The reason it's an unsupervised task is because we don't know in advance what the topics are or how many topics there are. There's no "correct" answer that we're trying to predict. Instead, the algorithm tries to find patterns in the data and uses these patterns to determine the topics.

There are several algorithms for topic modeling, including Latent Dirichlet Allocation (LDA), Non-negative Matrix Factorization (NMF), and others. Each of these algorithms has its own assumptions and methods for determining the topics.

In [3]:
Image(url= "../img/tm2.png")
# source: https://www.cognub.com/index.php/cognitive-platform/

### The practical part

Before we start with any Machine Learning or Natural Language Processing, we need data. Here, we are using the BBC News dataset. It contains articles from BBC News.

In Python, we can use the pandas library to load the data from a csv file.



In [4]:
import pandas as pd

#### Load the dataset

In [5]:
df = pd.read_csv('../data/bbc-text.csv', sep=',')

In [6]:
df.shape

(2225, 1)

#### Check out the first 10 rows

In [7]:
df.head(10)

Unnamed: 0,text
0,tv future in the hands of viewers with home th...
1,worldcom boss left books alone former worldc...
2,tigers wary of farrell gamble leicester say ...
3,yeading face newcastle in fa cup premiership s...
4,ocean s twelve raids box office ocean s twelve...
5,howard hits back at mongrel jibe michael howar...
6,blair prepares to name poll date tony blair is...
7,henman hopes ended in dubai third seed tim hen...
8,wilkinson fit to face edinburgh england captai...
9,last star wars not for children the sixth an...


## Latent Dirichlet Allocation (LDA):

LDA is a generative statistical model that allows sets of observations to be explained by unobserved groups that explain why some parts of the data are similar. In the context of topic modeling, the "observations" are words in documents and the "unobserved groups" are topics. The "why some parts of the data are similar" is because similar documents share topics.
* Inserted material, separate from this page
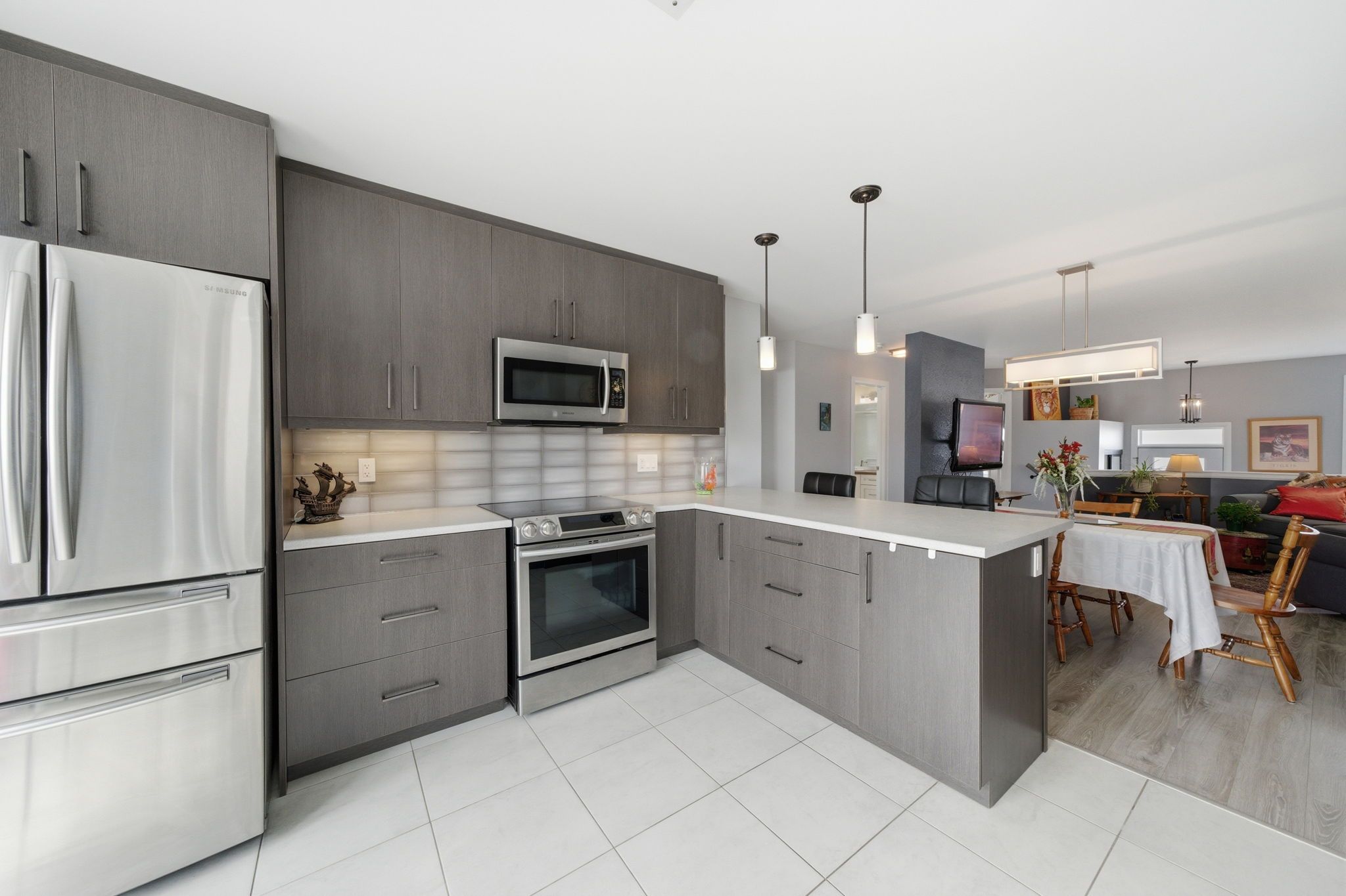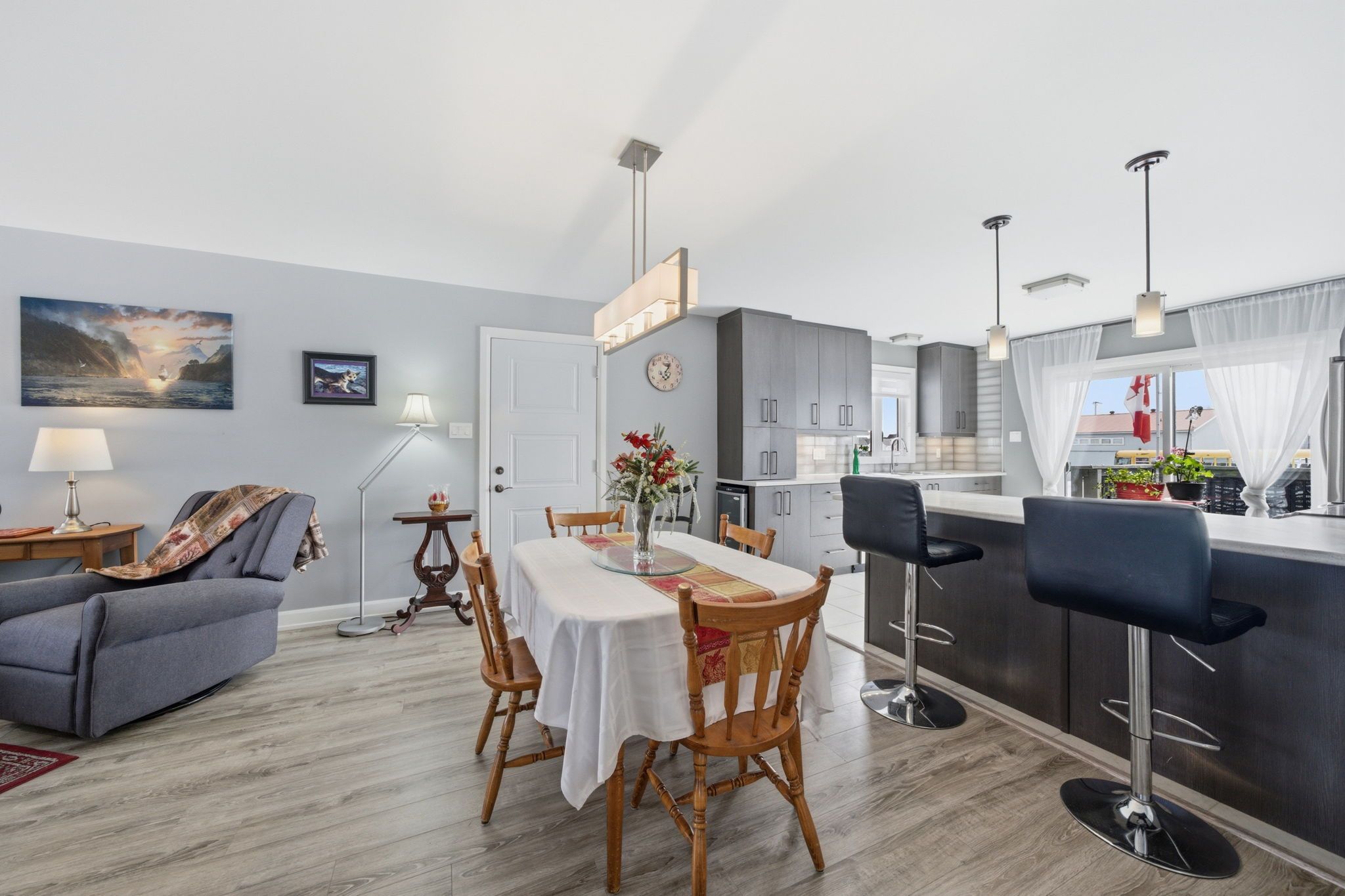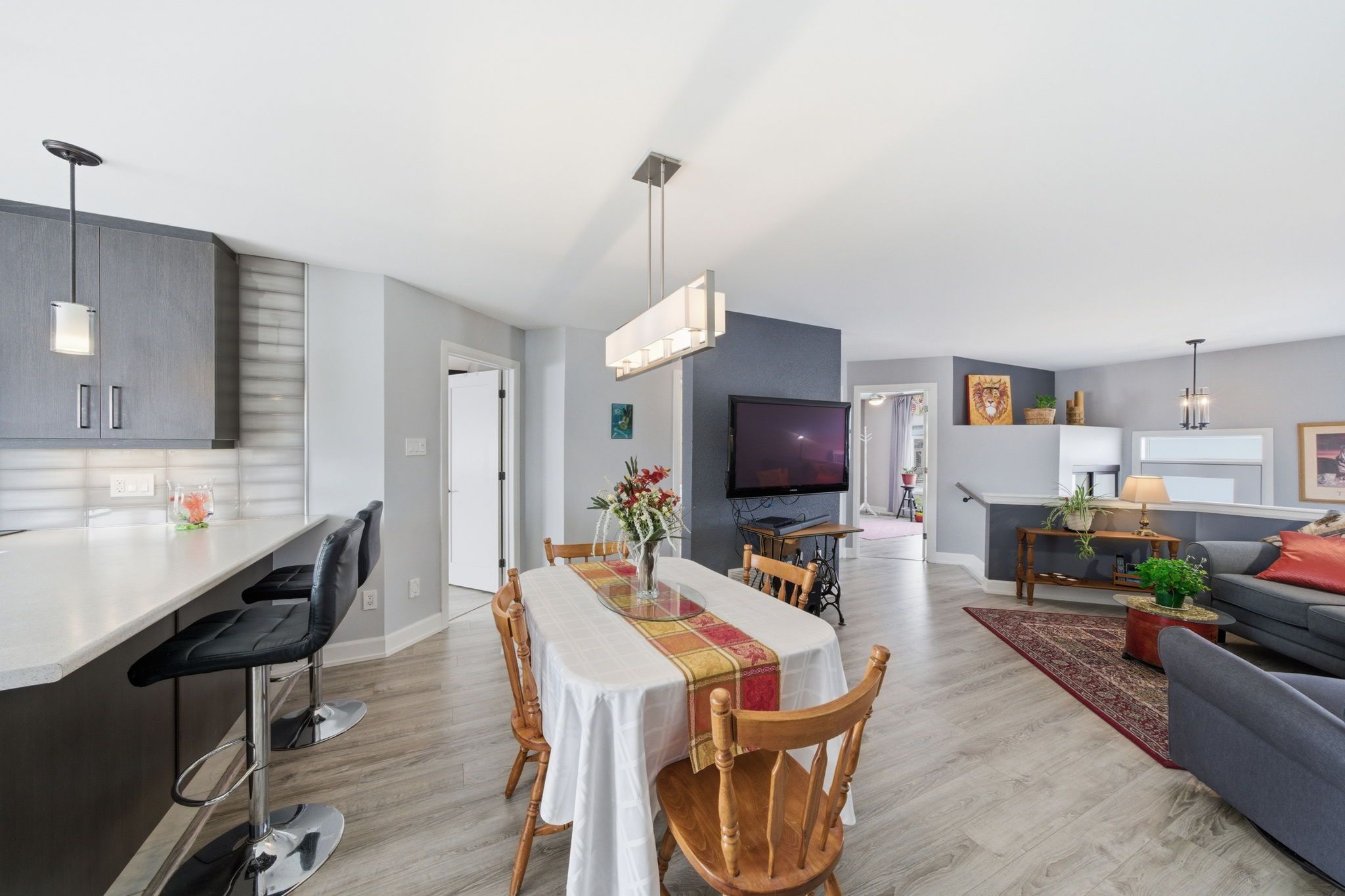 • Open-concept living and dining area great for family gatherings.

Basically, it’s a way of explaining why some documents are similar to others (they are about the same topics). It uses a probabilistic graphical model where each document is assumed to be a mixture of various topics, and each word is probabilistically drawn from one topic.



In [8]:
Image(url= "../img/lda.png")
# Blei, D.M. (2012) Probabilistic Topic Models. Communications of the ACM, 55, 77-84. http://dx.doi.org/10.1145/2133806.2133826



### Text Preprocessing


The first step in any NLP task is text preprocessing. This usually involves converting all the text to lowercase, removing punctuation and stop words, and tokenization (breaking the text down into individual words).
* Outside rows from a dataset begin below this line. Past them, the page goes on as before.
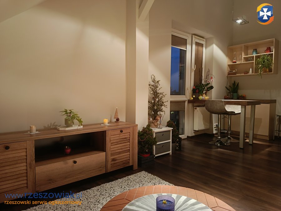 Dwupoziomowe: 34 M2 + antresola - sypialnia 10 M2.
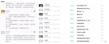 此次在线教学,在开课之前20分钟借助QQ群平台提醒学生进入学生通签到,再让学生观看课程的介绍、教学视频期间会不定时的检查,将上课所学内容拍照或视频上传。开学到现在上课效率有明显的提升。
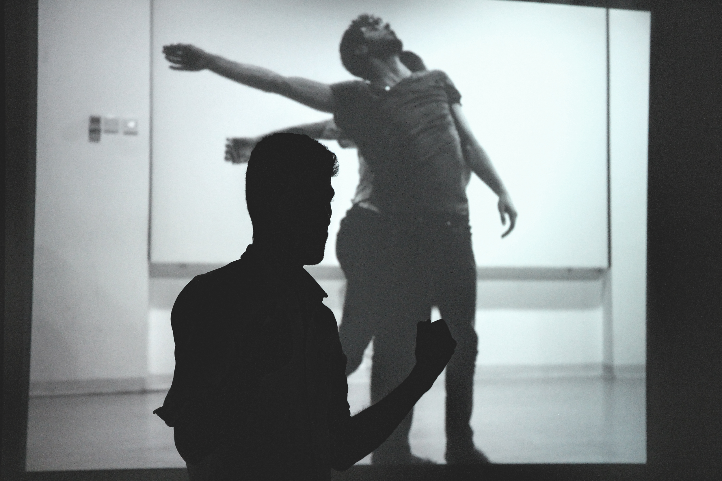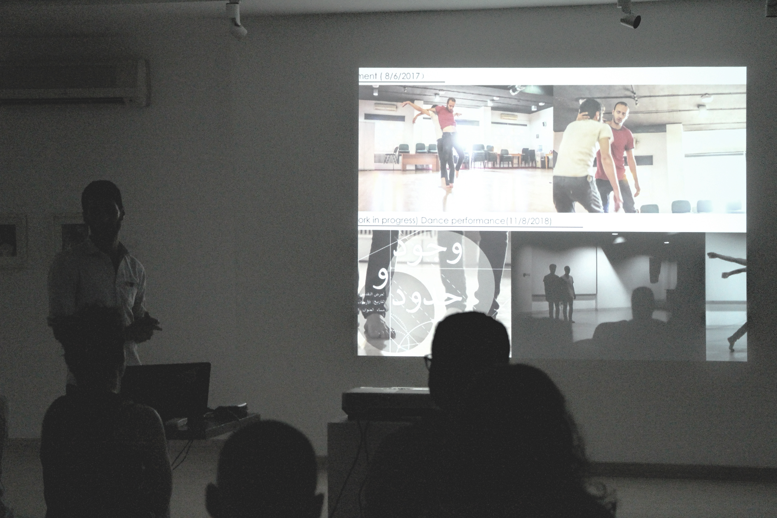 A one-hour presentation of the creative process of Studio 8’s dance creation “Wojoud Wa Hodoud”. Choreography, or dance making, is a creative process that requires practice as well as knowledge of how the process functions. In the presentation, choreographer Abd Al Hadi Abunahleh and Visual artist Ren shared their story of the observing an inspiration, feeling response, movement discovery and enhancing the dance through visual design, and technology, although technology is sometimes an integral part of the creative process. Dance making is a spiraling, circular progression in which the choreographer intermittently returns to beginning steps when needed.
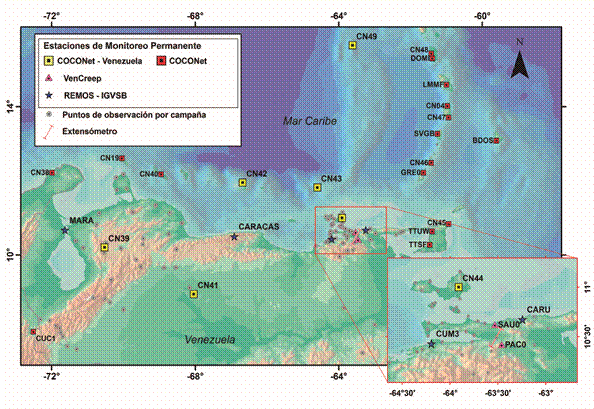 La geodinámica ligada al territorio venezolano ha sido estudiada por casi tres décadas con el uso de mediciones geodésicas precisas con el Sistema de Navegación Global por Satélite (Global Navigation Satellite System - GNSS). Las mediciones llevadas a cabo en las diferentes iniciativas en suelo venezolano han seguido la metodología de adquisición de datos por ocupaciones temporales o comúnmente conocidas como campañas (Drewes et al., 1989, 1995; Kellogg y Dixon, 1990; Pérez et al., 2001a, 2001b, 2011; Baumbach et al., 2004; Jouanne et al., 2011; Reinoza, 2014; Reinoza et al., 2015). Básicamente, la adquisición de los datos ha consistido en la instalación temporal de receptores geodésicos doble frecuencia en sitios predeterminados, durante periodos de unas pocas horas en varias sesiones diarias hasta un máximo de 120 horas continuas de medición, e incluso, algunos puntos han sido seleccionados como estaciones base. Un ejemplo, es la estación AUD0 que fue utilizada como estación permanente durante las campañas de medición 2003, 2005 y 2013 en el nororiente de Venezuela. Desde un punto de vista muy general, los datos geodésicos han permitido determinar el campo de velocidades geodésicas para gran parte del país y determinar tasas de movimiento de fallas geológicas (e.g. fallas de Boconó y El Pilar), así como contribuir en el cálculo del desplazamiento relativo entre las placas Caribe y Suramérica (DeMets et al., 2000; Pérez et al., 2001a, 2001b). No obstante, la poca densidad de estaciones a lo largo del territorio ha limitado los resultados, la velocidad de las fallas no ha sido acotada en toda su extensión y los parámetros estimados en estudios previos presentan ciertas incertidumbres que requieren ser mejor definidos con nuevos datos geodésicos (Pérez et al., 2011, 2018; Jouanne et al., 2011; Reinoza et al., 2015; Mogollón y Reinoza, 2018). Además, existe un número importante de fallas que aún no han sido objeto de estudio aplicando técnicas de geodesia espacial. Para el estudio de la cinemática de fallas en Venezuela las recopilaciones basadas en neo-tectónica, paleosismología, sismología entre otras disciplinas (e.g.Audemard et al., 2000) siguen siendo la principal fuente de consulta.

We're also going to do some extra steps specific to topic modelling: lemmatization, which reduces words to their root form. For instance, "running" would be reduced to "run".

In [9]:
from nltk.corpus import stopwords
from nltk.stem import WordNetLemmatizer
import re
import string

In [10]:
# Initialize a Lemmatizer
lemmatizer = WordNetLemmatizer()

# Text Preprocessing function
def preprocess_text(text):
    # Lower case
    text = text.lower()
    # Remove special characters
    text = re.sub(r'\[.*?\]', '', text)
    text = re.sub(r'[%s]' % re.escape(string.punctuation), '', text)
    text = re.sub(r'\w*\d\w*', '', text)
    # Tokenization
    text = text.split()
    # Remove stop words and Lemmatize
    text = [lemmatizer.lemmatize(word) for word in text if word not in stopwords.words('english')]
    # Join words to a single string
    return ' '.join(text)

In [11]:
df['processed_text'] = df['text'].apply(lambda x: preprocess_text(x))

#### Digression - Lambda function:
 
 - An anonymous function in Python is one that has no name when it is defined. In Python, the lambda keyword is used to define anonymous functions rather than the def keyword, which is used for normal functions. As a result, lambda functions are another name for anonymous functions.

 -  here, x is the argument (an individual value from the 'text' column), and preprocess_text(x) is the expression. This lambda function applies the preprocess_text function to each value in the 'text' column.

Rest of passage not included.